# FTP Client mit SSL/TLS und Multithreading



## SandmannX (4. Februar 2005)

Hallo,

Kennt jemand von euch einen FTP-Client, der sowohl SSL/TLS als auch Multithreading unterstützt. Clients mit einem von beidem Features gibt es ja wie Sand am Meer, aber einen der beides bietet habe ich bisher nicht gefunden.
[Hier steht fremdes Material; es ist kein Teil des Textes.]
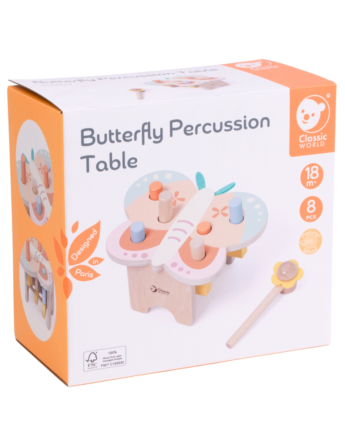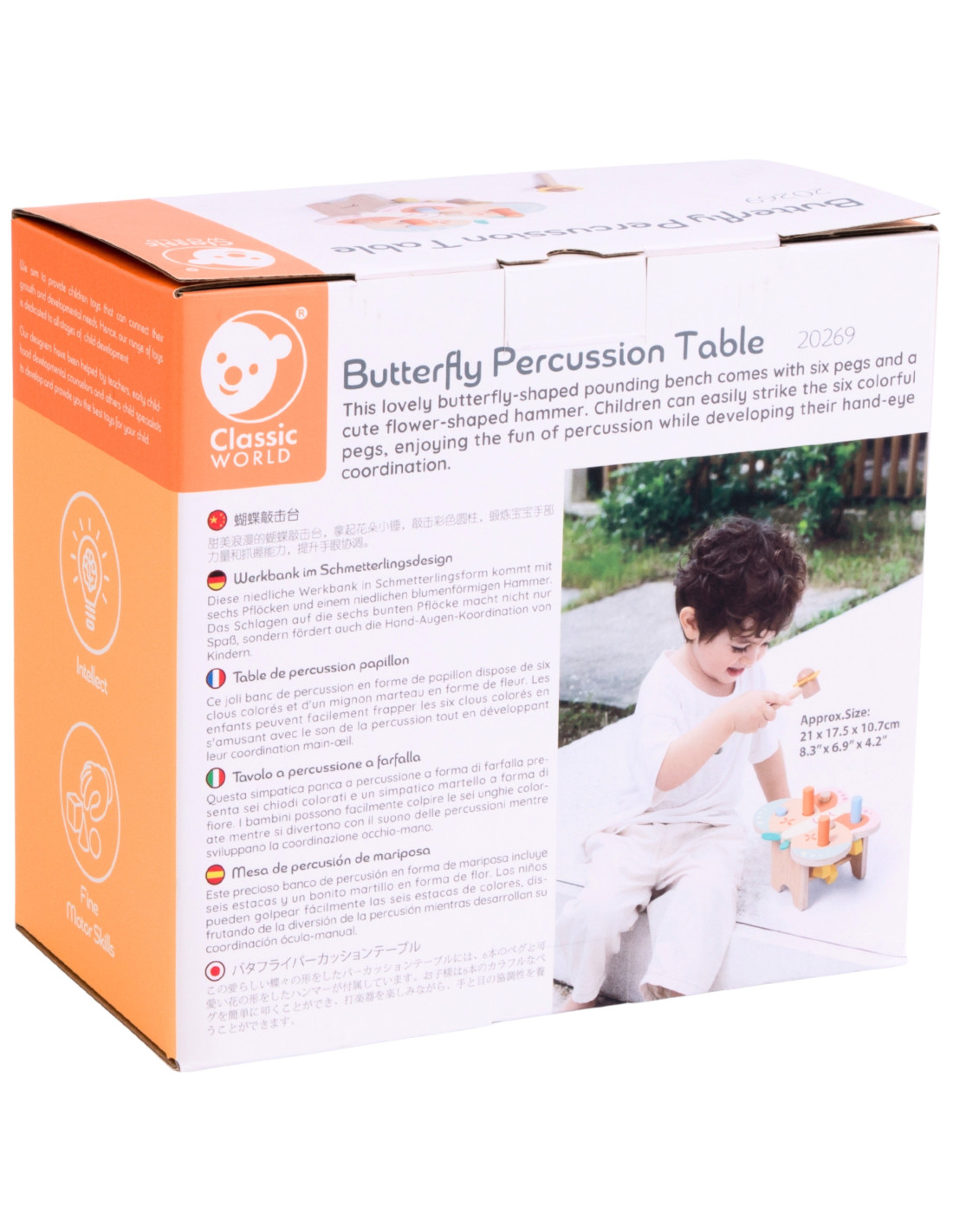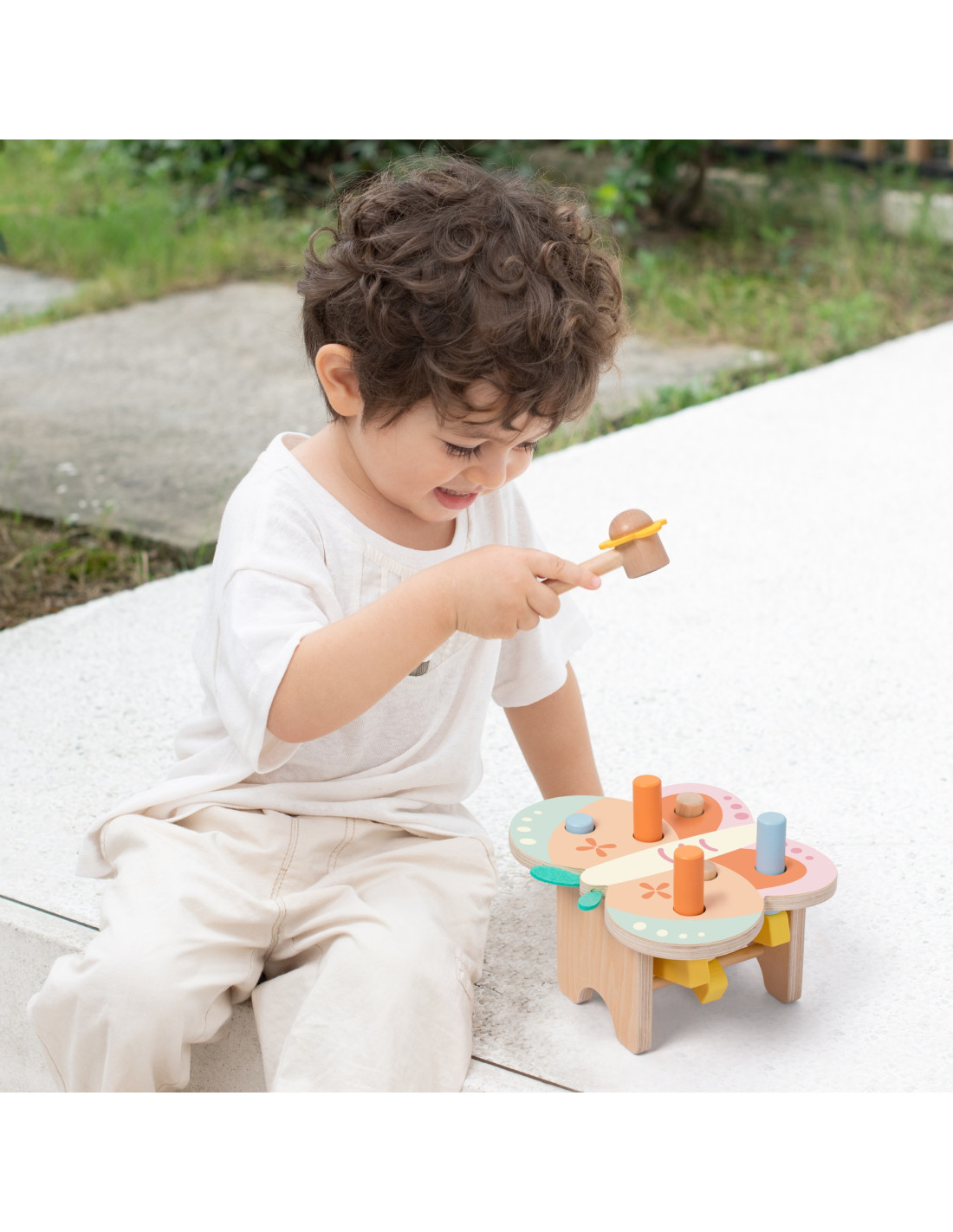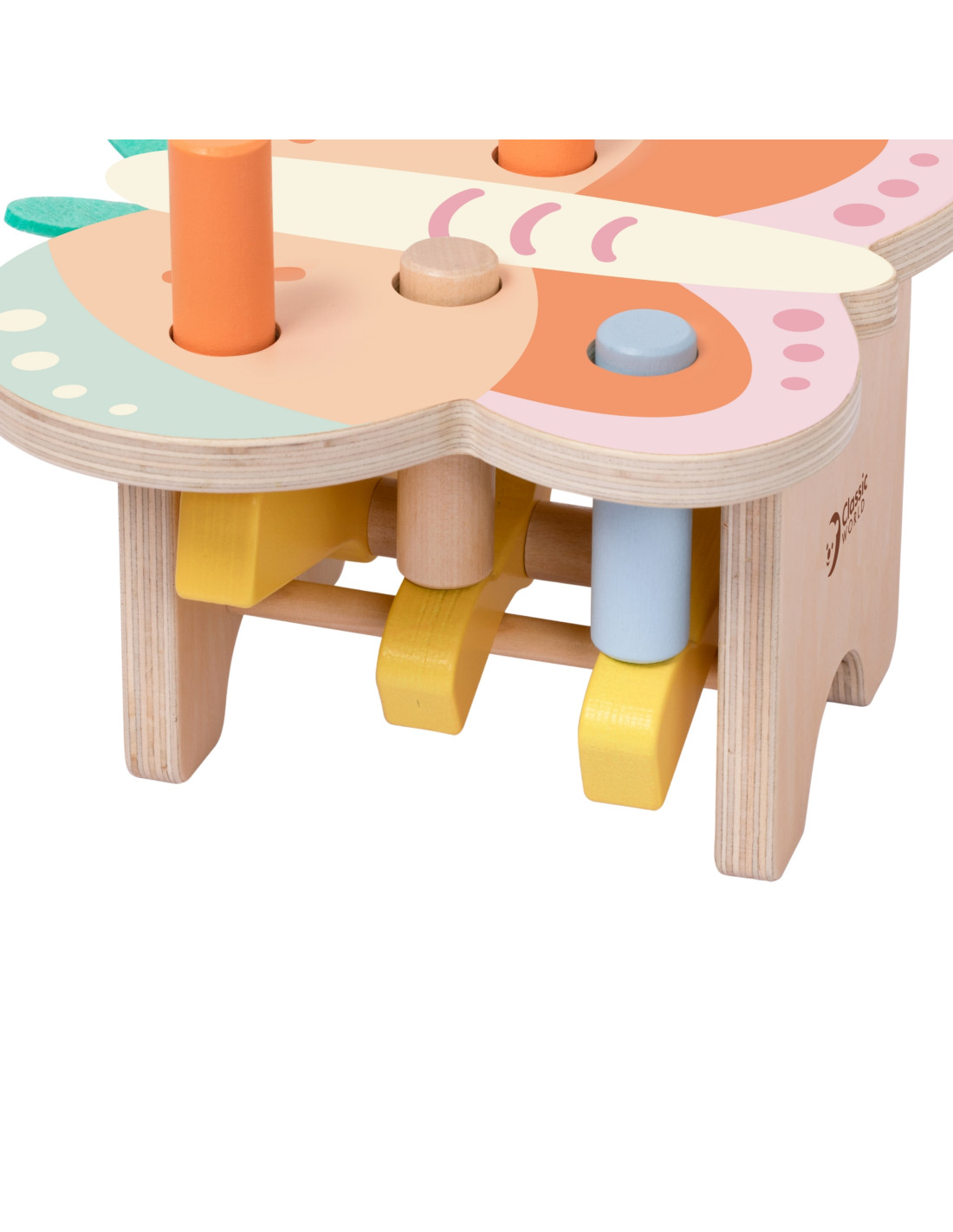 Oto idealna zabawka dla maluchów, które uwielbiają uderzać, stukać i odkrywać dźwięki! Drewniany stolik w kształcie motyla to kolorowa i angażująca forma zabawy, która wspiera rozwój motoryczny i koordynację ręka-oko. W zestawie znajduje się młoteczek w kształcie kwiatka, który dodaje uroku i zachęca dzieci do aktywnej zabawy.

SmartFTP könnte eventuell ein solcher Kandidat sein, aber damit kam ich überhaupt nicht klar, als ich den mal getestet habe.

Gruß

Patrick


----------



## kurtparis (5. Februar 2005)

Versuch's mal mit Cyberduck
http://cyberduck.ch/


----------



## SandmannX (5. Februar 2005)

Hmm, danke, aber wenn ich nicht auf mindestens einem Auge blind bin gibts das leider nur für den Mac


----------



## generador (5. Februar 2005)

FlashFXP

http://www.flashfxp.com


----------



## kurtparis (5. Februar 2005)

SandmannX hat gesagt.:
			
		

> Hmm, danke, aber wenn ich nicht auf mindestens einem Auge blind bin gibts das leider nur für den Mac


Sorry hab nicht an die PCisten gedacht


----------